Today's Staffchat, in addition to being super late, is an unusual one: Ethan and Ian (for the most part) were the only staff members available. But, we know you need fresh, piping hot Earhole #content, so we're presenting the first of what we're terming a #SOLOBROLO.
We talked about what are, in our minds, the most overlooked awful rap lyrics in history. We also went on a bunch of tangents.
importer [9:00 PM]
squints [9:00 PM] sup homie
importer [9:01 PM] nada man, writing an article per ugge
importer [9:01 PM] question: how you you write "usual" in shorthand? im gonna go with ugge
squints [9:01 PM] i've been wondering that for years. same thing with "casual"
squints [9:02 PM] smh at english for not having soft j's
importer [9:02 PM] is it like "bougie" for "bourgiouis"?
squints [9:02 PM] precisely
importer [9:03 PM] casge and ugge sound great then
squints [9:05 PM] caʒ and uʒ if we're using phonetic characters
squints [9:08 PM] so anyway, for you readers, this is a special staffchat
squints [9:08 PM] not only are we doing it WAY late, but ian and i are the only staff available
squints [9:08 PM] so welcome to the first edition of SOLO BROLO
importer [9:08 PM] #SOLOBROLO
importer [9:09 PM] The hashtag that will storm the nation
squints [9:09 PM] indeed
squints [9:09 PM] so one of the things we talked about on last week's #LITERALSTAFFCHAT was the idea of at any time in rap, there's a "best rapper"
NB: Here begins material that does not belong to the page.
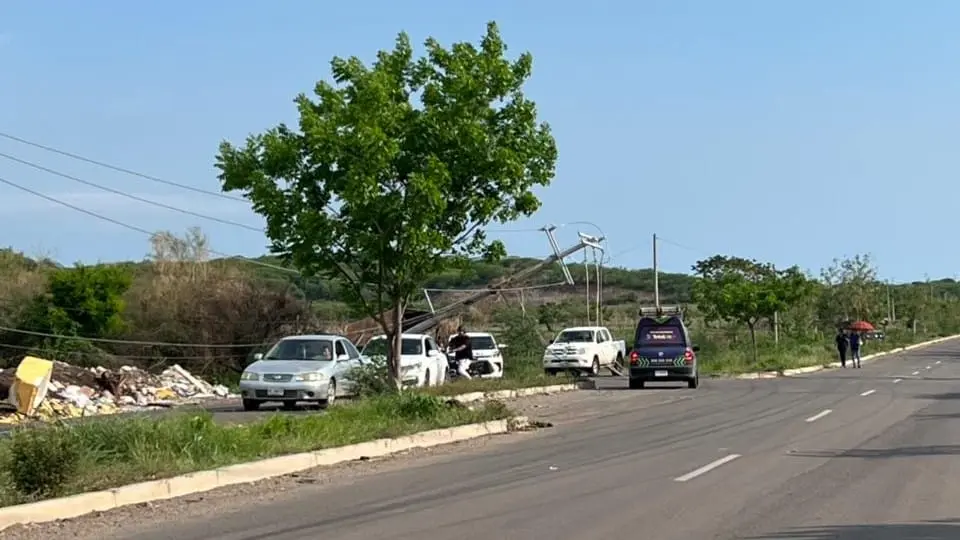 La tarde de este jueves, un camión de volteo derribó un poste de luz en la colonia Antorchista, en Culiacán; tras lo ocurrido, los cables de corriente quedaron sobre la ampliación Álvaro Obregón.

squints [9:10 PM] case in point, circa 2007 lil wayne or (in our opinions) modern day kendrick
squints [9:11 PM] we had the idea of discussing "current worst rapper" but rather than washing a perfectly good #SOLOBROLO on ilovemakonnen, we're instead going to talk about what (in our opinions) are the worst rap lyrics of all time (edited)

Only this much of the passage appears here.